What is expected — Copy the data below exactly. Any pictures in it should be omitted.

Top of Supplied material

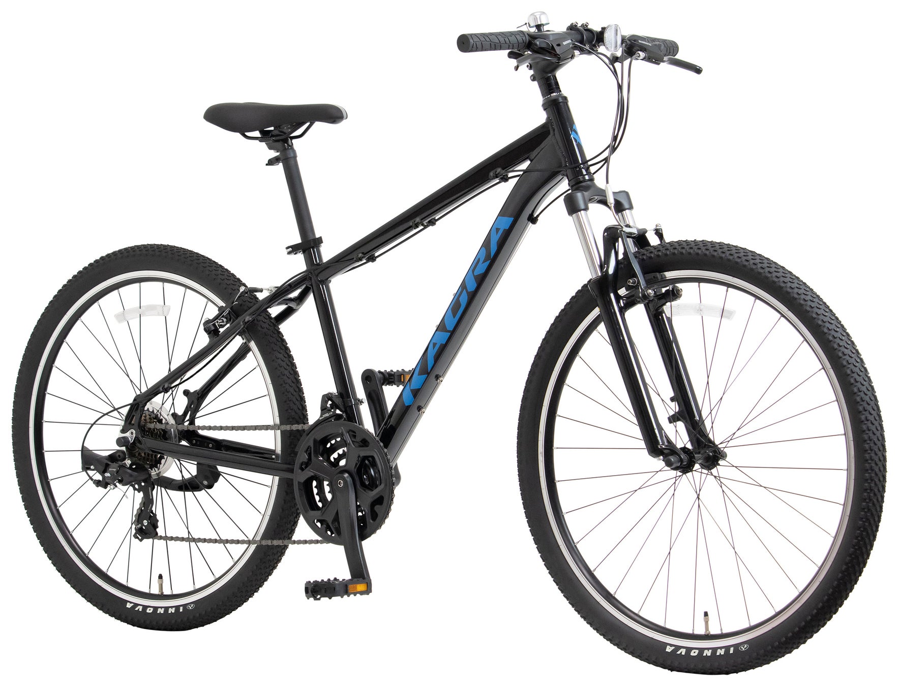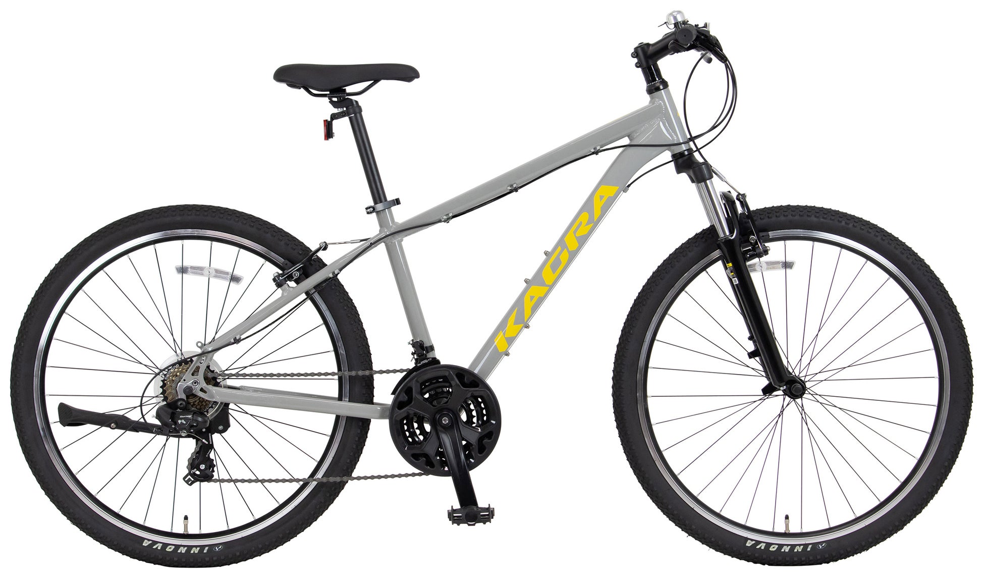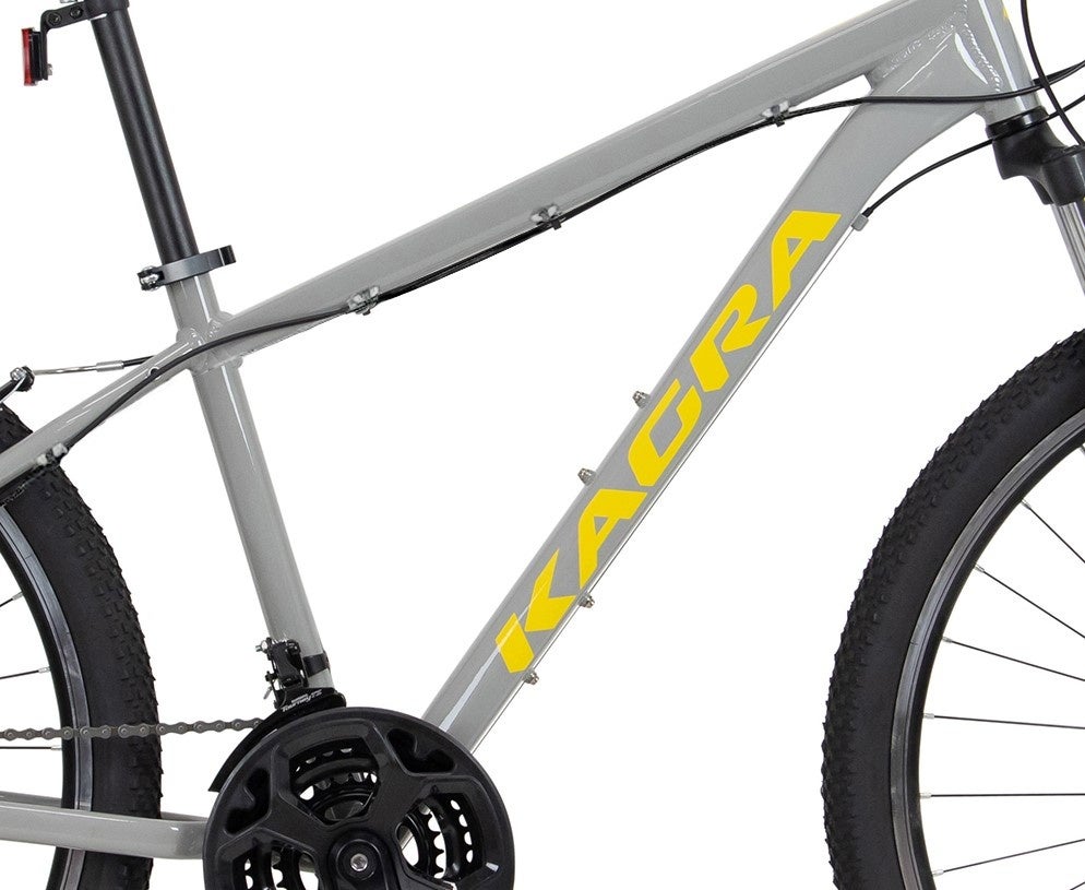 KAGRA D-3はサスペンション付きフロントフォークを装備した街乗り用のマウンテンバイクで、段差や凹凸の多い都心の路面でも優れた快適性を実現しています。さまざまなシチュエーションで快適なペダリングを実現する21段変速ギアを搭載。軽量なアルミフレームを採用し、スポーティな走行を楽しめます。
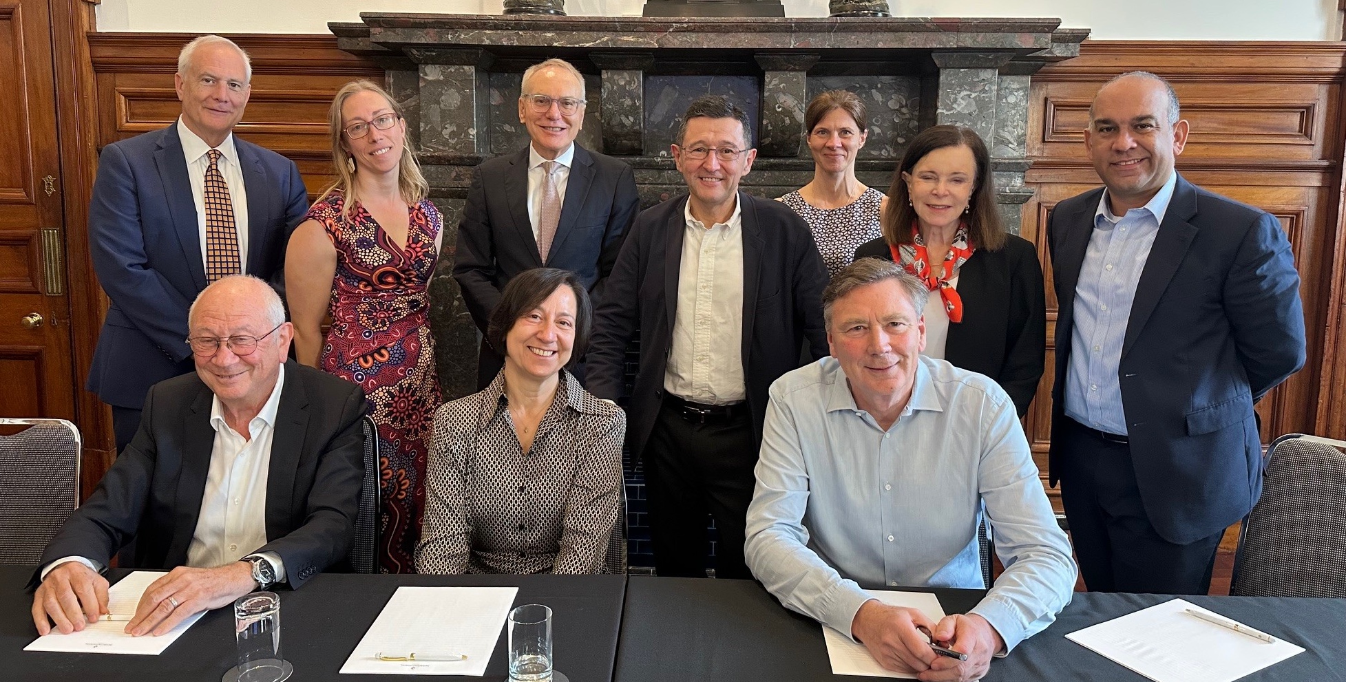 Pictured with GECN partners are Stephen Johns (front row, left), chair of Goodman Group; Antonia (Toni) Korsanos, vice chair of Light & Wonder and NED of Treasury Wine Estates; and David Thodey, chair of Xero Ltd. and Ramsay Health Care Ltd. Farient is a founding partner of GECN Group.
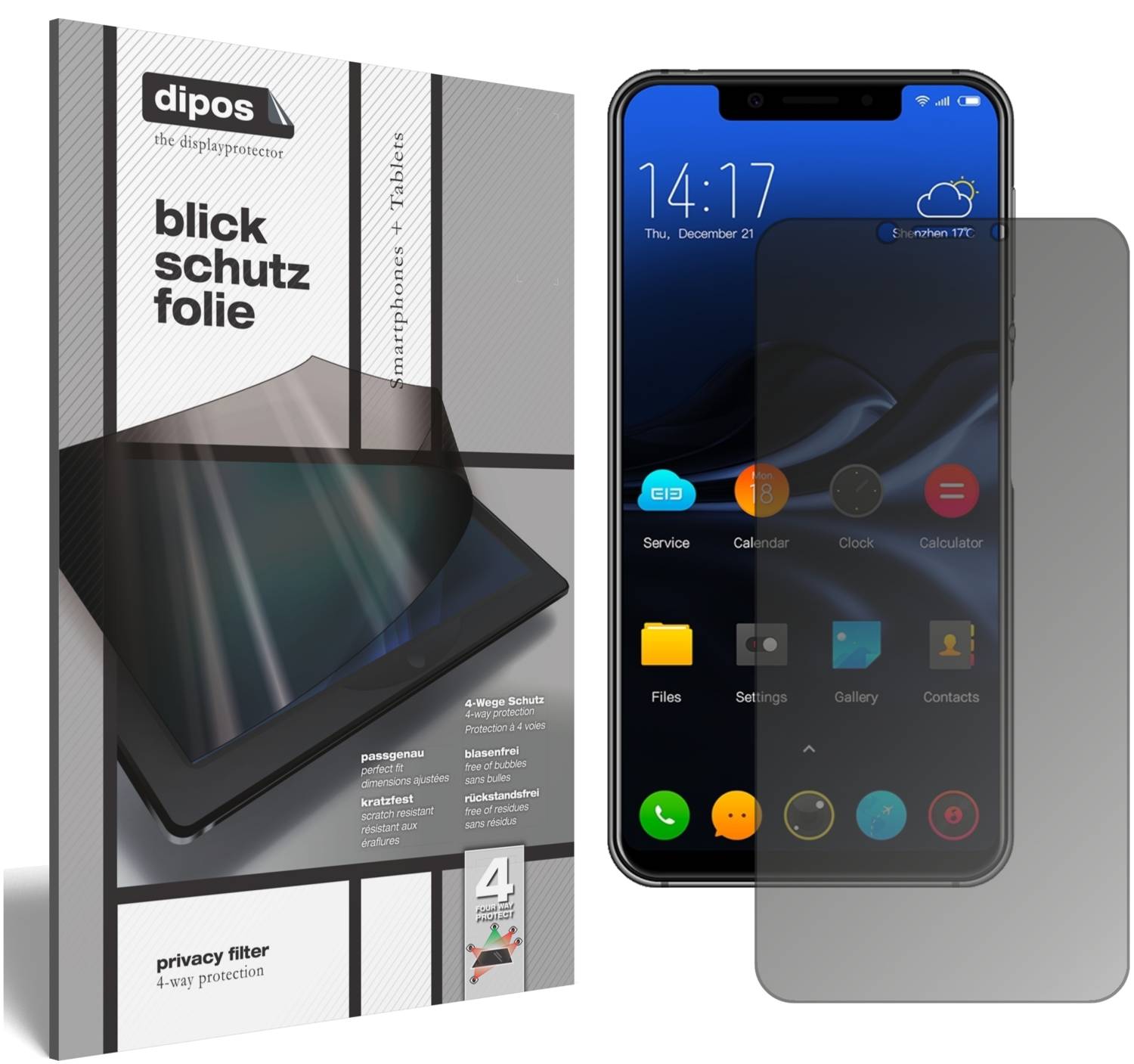 - ¡Extremadamente resistente a arañazos gracias a su superficie especial con revestimiento duro! ¡El filtro protector de miradas dipos Elephone A4 es muy resistente ante arañazos y abrasión!

Bottom of Supplied material

Your response —
 KAGRA D-3はサスペンション付きフロントフォークを装備した街乗り用のマウンテンバイクで、段差や凹凸の多い都心の路面でも優れた快適性を実現しています。さまざまなシチュエーションで快適なペダリングを実現する21段変速ギアを搭載。軽量なアルミフレームを採用し、スポーティな走行を楽しめます。
 Pictured with GECN partners are Stephen Johns (front row, left), chair of Goodman Group; Antonia (Toni) Korsanos, vice chair of Light & Wonder and NED of Treasury Wine Estates; and David Thodey, chair of Xero Ltd. and Ramsay Health Care Ltd. Farient is a founding partner of GECN Group.
 - ¡Extremadamente resistente a arañazos gracias a su superficie especial con revestimiento duro! ¡El filtro protector de miradas dipos Elephone A4 es muy resistente ante arañazos y abrasión!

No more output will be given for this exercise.